I believe the smell is like a ( sweet,plastic/rubber,menthol) I smell this smell before any animal that im caring for dies, so i keep the animal very close, my sons friend (18y/old) smelt like this before he was rushed into hospital he now has diabeties, (He nearly died) the smell seemed to clear until the other day, the smell seems to get worse when he speaks to me, i am so worried for him, as i believe it starts when the body starts to shut down, can anybody relate to this?
I agree with anangel on July 17th. The smell I smell is sweet, rubber, plastic. I do not smell menthol. I only have the smell in and around my bed and never in the presence of the person that is going to pass. I posted my first comment on here about this matter on Nov 17th. As I stated, my 47 year old brother died on Nov 9th, 5 days after I smelled the smell in my bed. I knew someone was going to die but did not know who, I never know who it is going to be. My brother died from a narcotic overdose. He was not suffering from a terminal illness. I had not seen him in about 6 weeks. I know the physical smell that some of you describe. I had a cat that had a terrible odor to her one morning and my husband took her to the vet for me, her kidneys had shut down and I think the smell was all the toxins building in her system. We had her put to sleep the same day. The smell in my bed is very different. It always scares the heck out of me and all I can do is just wait on the phone call telling me who passed. Can anyone offer me some insight about this?
why are you reading this site if you are not looking for answers your self?? How and what treatment could have been used for a blood clot on the brain that had been undetected for the whole of my friends life.. also one more thing,In what way would anybody even want to feel special..?!
I hope npyx and his anger are gone. The truth is that not everyone smells the odor of dying. It's also not the same amongst people. The woman who runs the care home where my father died tells of a patient she'd had years previous, a devout and very goodhearted person, whose smell of death was very floral. Dad's was quite pungently not floral, not quite fetid, but overpowering.
I worked as a nurses aid ... I know of said smell ... said smell would linger around my residents before they would go.
Very sad.
I know the smell of death in hospital rooms as people who are elderly's body processes begin to cease and their kidneys make less urine. I have noticed that it takes on a brownish color before a person who has a catheter passes on. I have noticed it in different ways over the years in people who are dying. I cannot describe it and yet I cannot ever forget it. It smells of like something beginning to decompose with a perspiration (not like B.O. stench) like tinge to it. I am not sure if it makes sense because it is as though there is something that is common in it among the people I have watched slip away but there is a personal kind of element to it as well. Almost as though if the person is close to you, you notice more of the physical characteristics of pallor, breathing and what I would even call a death rattle in the last breaths they take before expiring. The smell is unmistakably the same but with a different nuance that I would call unique to that person somehow.

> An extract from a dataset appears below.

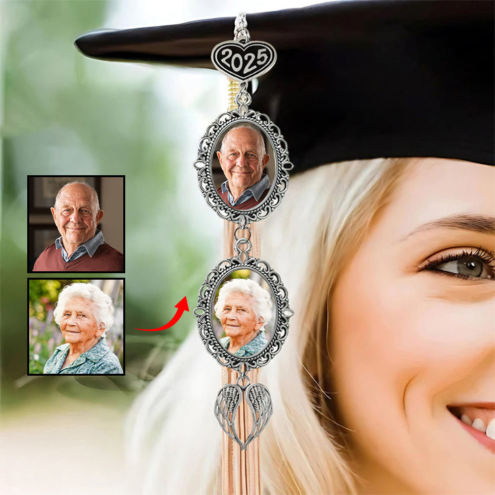 Keep your cherished memories close on your graduation day with this personalized graduation tassel charm and memorial photo charm. Capture the essence of your loved one by adding their photo to this custom keepsake, ensuring they're with you on this significant milestone. Whether it's for yourself or a dear one, commemorate a special person who may no longer be with us with this heartfelt gift.

I also have noticed when my husband and I have gone to the mausoleum where my mother-in-law cremated remains are kept in a niche, that there is a distinctive smell there. Other people tell me that it's mildew but I know it to be the sickening, nauseating smell of decay. They say that you cannot smell the decomposition that takes place because of the marble slabs but I know what I am smelling is death. Come on, there are caskets slid into a space and the 'marble slab' has not been put into place yet. I know that smell! I don't mean to get gross but once when I was with my daddy when I was a kid, we went raccoon hunting at night and came to a field of cows. We were near a creek that ran through the field we were in and suddenly he said to me "You smell that'? I told him that I could and it was the worst smell I had ever smelled in my life and I was about 10. He told me that we were down wind of a cow that had passed on and we were smelling it. I smelled that in the mausoleum later in life and every once in a while when I have been with people who are dying. It's a bit unnerving to smell that odor and know what is coming next.